The Supreme Court is currently considering a Louisiana statute that requires doctors performing abortions to have admitting privileges in a nearby hospital. This regulation was passed in response to widespread evidence of the potential complications of abortion procedures on women and failure to care for them by abortionists. While a nearly identical statute in Texas was struck down, 5-4, two terms ago, with Justice Kennedy in the majority, the Fifth Circuit held that, under the facts of the Louisiana case, the regulation was constitutional.
The Supreme Court asked for briefs on two specific questions: (1) whether the regulation was an “undue burden” on a woman’s right to abortion, and (2) whether the abortion providers had standing to raise the issue for women when the regulation was meant to protect them against the providers. Needless to say, the case has much attention, and many amicus briefs have been filed on each side of these issues.

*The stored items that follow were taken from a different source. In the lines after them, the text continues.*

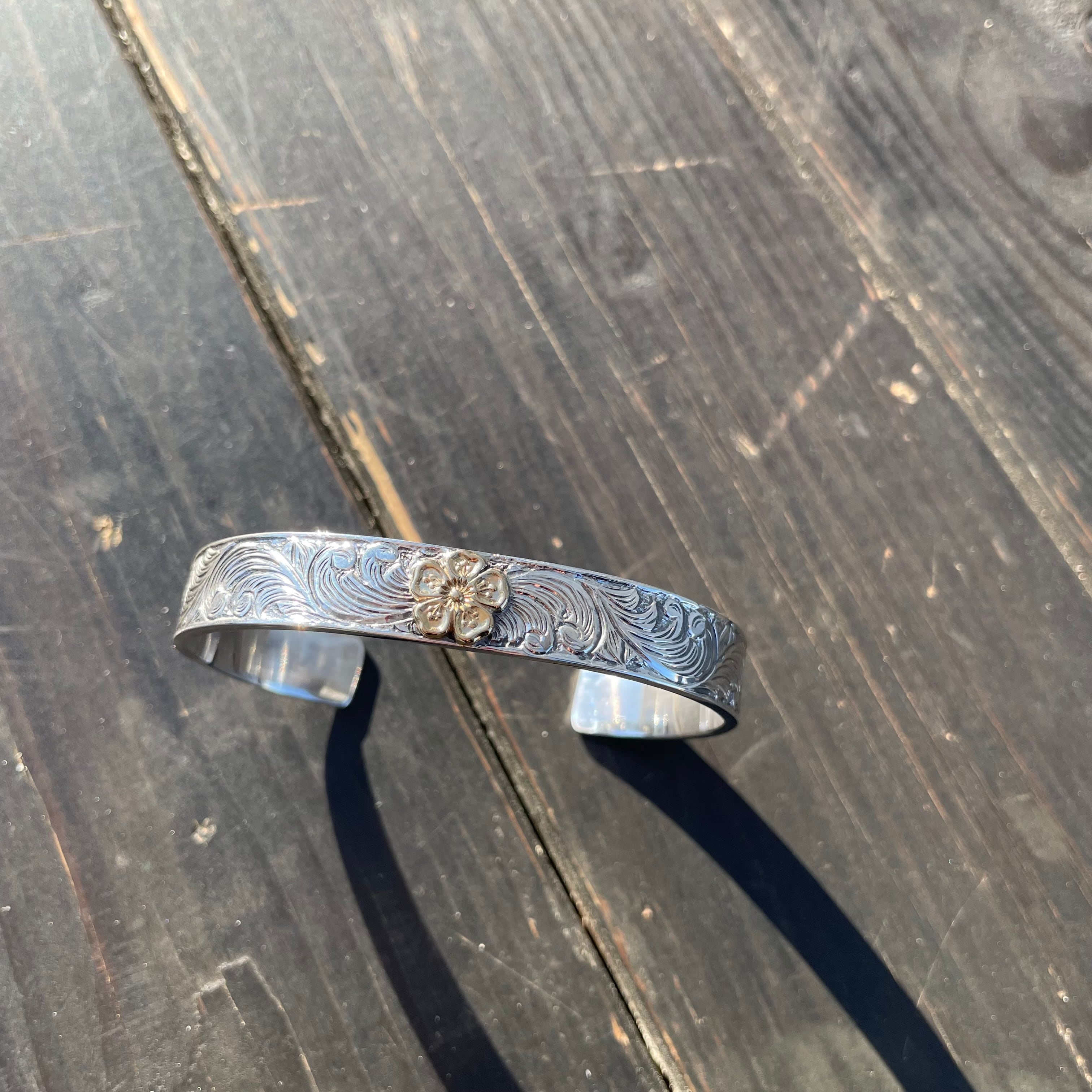 全体にスクロールの彫り加工を施した10mm幅のSv925製バングルをベースにK18のローズをセットしたバングルです。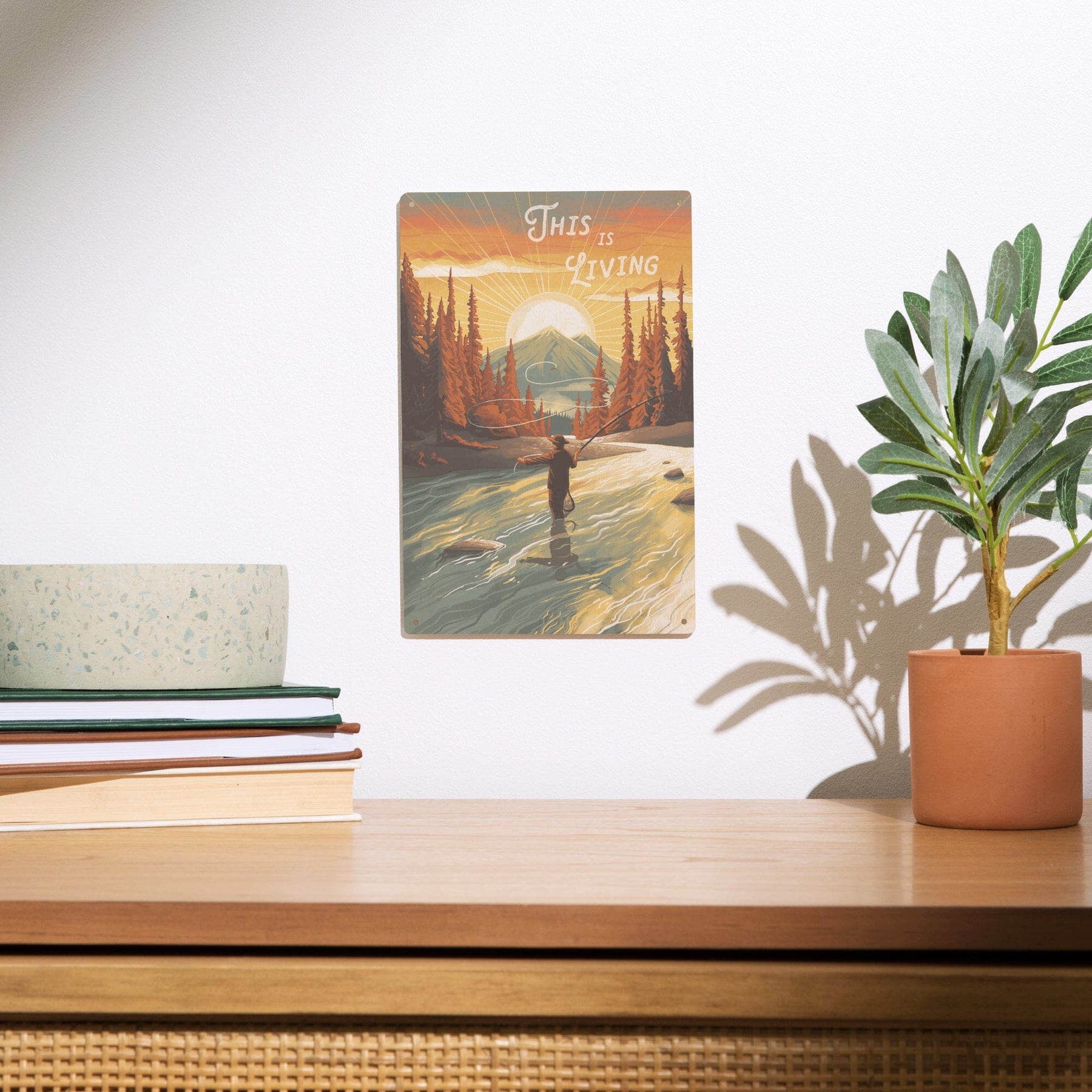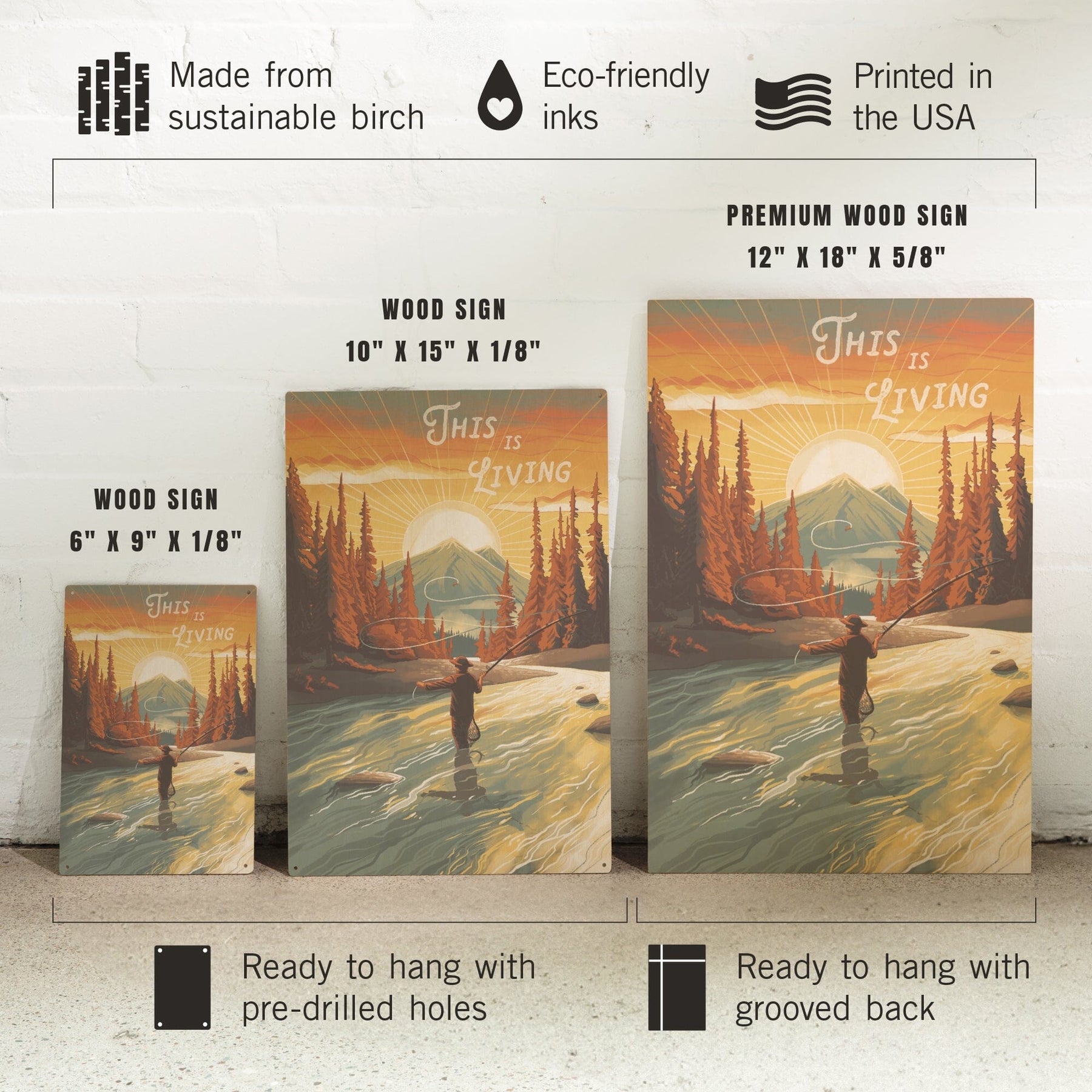 This is Living, Fishing with Mountain, Wood Signs and Postcards Wood Lantern Press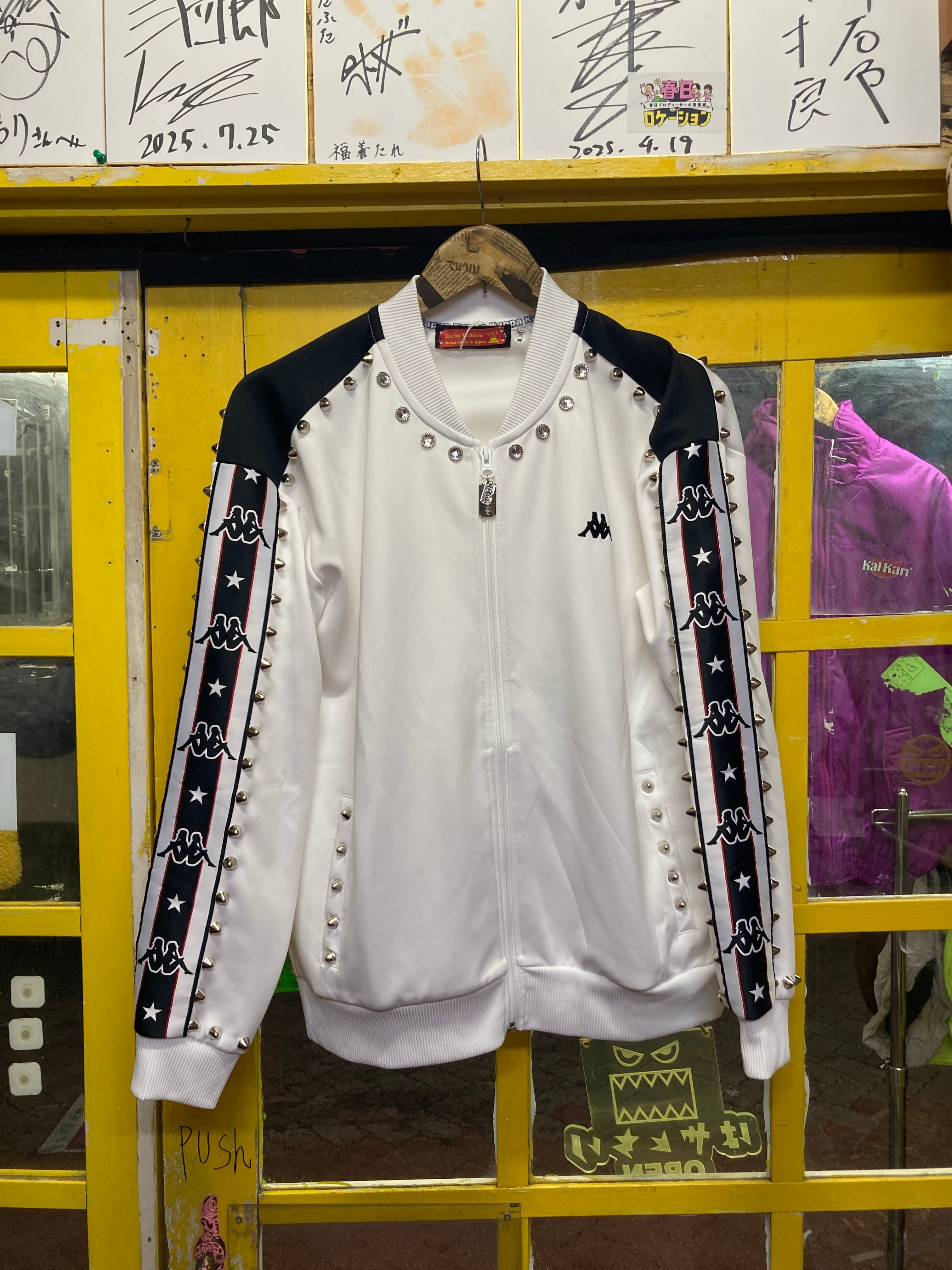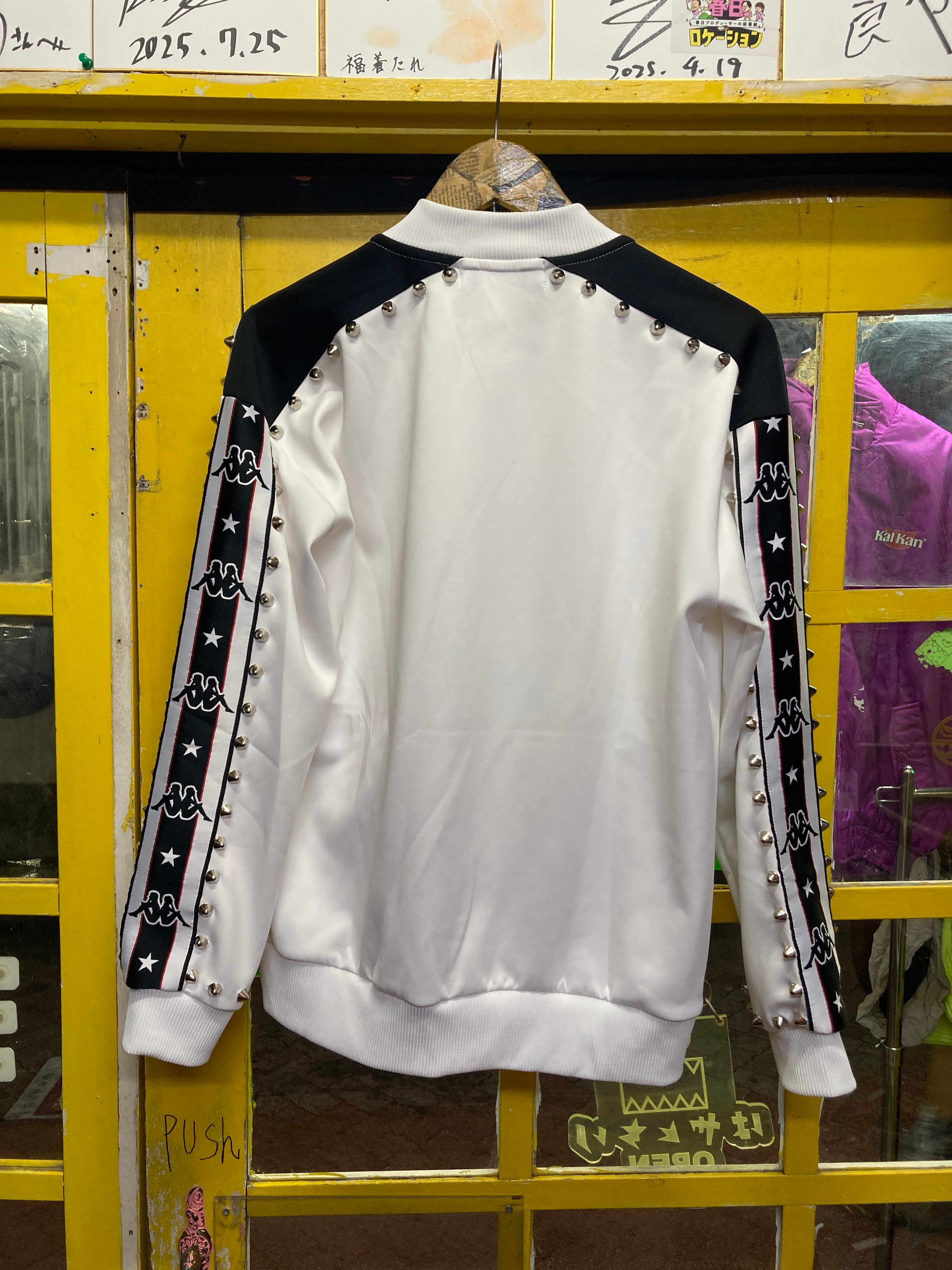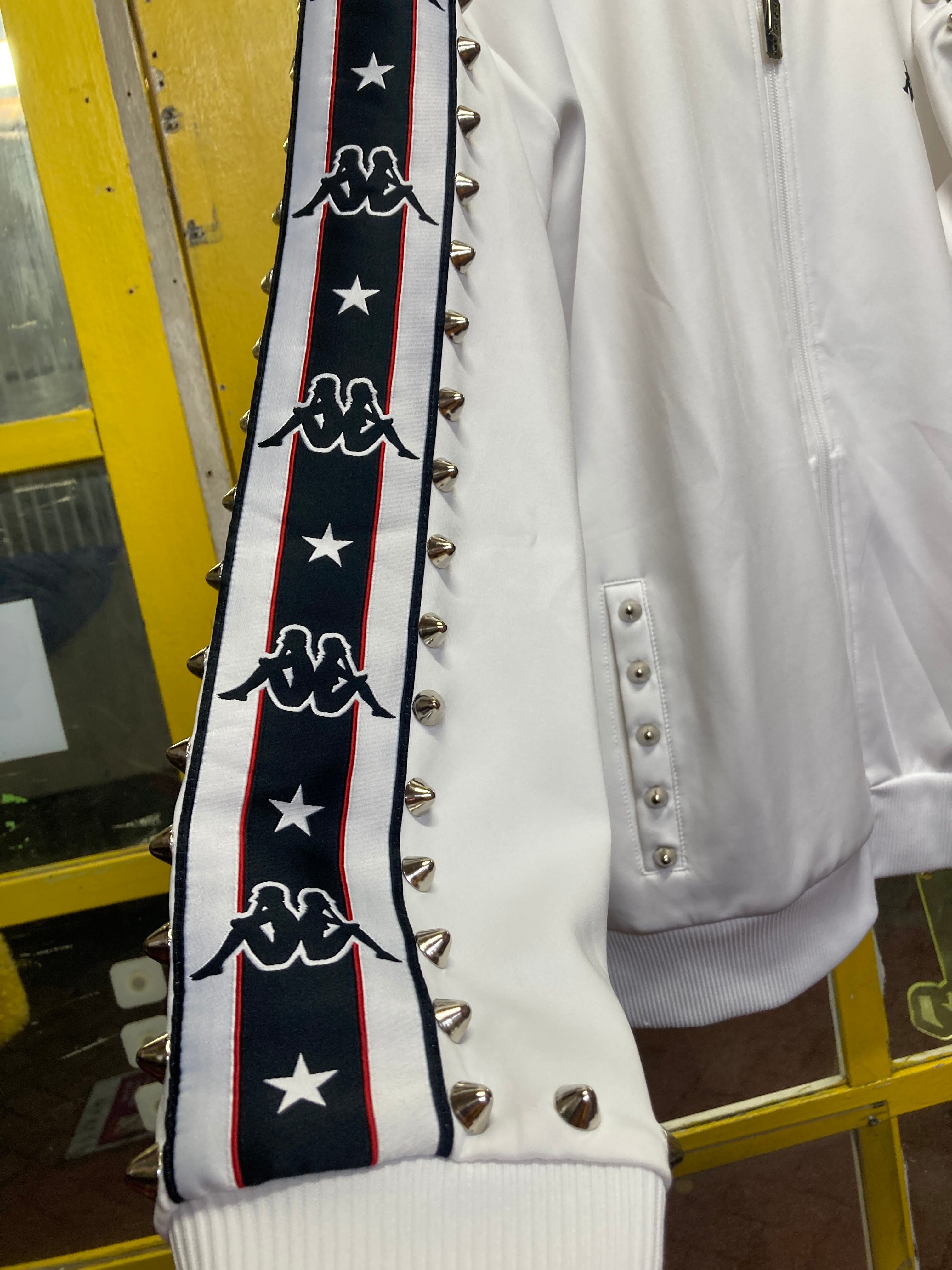 太ラインモノトーントラックジャケットのスタッズカスタムアイテム

NLF, along with several other pro-life organizations, joined a brief that points out a methodological flaw in the way many have viewed the first issue. The Texas and Louisiana attorneys general have focused only on the existing abortionists at the time the regulation was passed (six in Louisiana) and whether the new regulation about access to a hospital in case of complications eliminates the eligibility of some of them to continue to provide abortions. That ignores, however, that there are many doctors who are qualified to do abortions who do not wish to do so and that the Supreme Court has repeatedly held that a woman does not have a right to force doctors to perform abortions. Thus, the proper analysis looks not just at doctors who actually do abortions, but at all doctors in the state who are qualified under the challenged law to perform abortions.
NLF pointed out that the Court may take judicial notice from readily available and reliable data that there are over 100 general hospitals scattered throughout Louisiana, all with doctors qualified, if they so desired, to perform abortions. In other words, the Louisiana law, a reasonable regulation intended to promote the health and well-being of women, does not “unduly burden” a woman’s right to an abortion from a constitutional standpoint. Any lack of access to doctors willing to perform abortion is predominantly attributable to considerations other than the challenged regulation, namely, that many qualified doctors simply to not want to perform abortions, and Louisiana’s law should be upheld.
A decision will likely be issued in June 2020.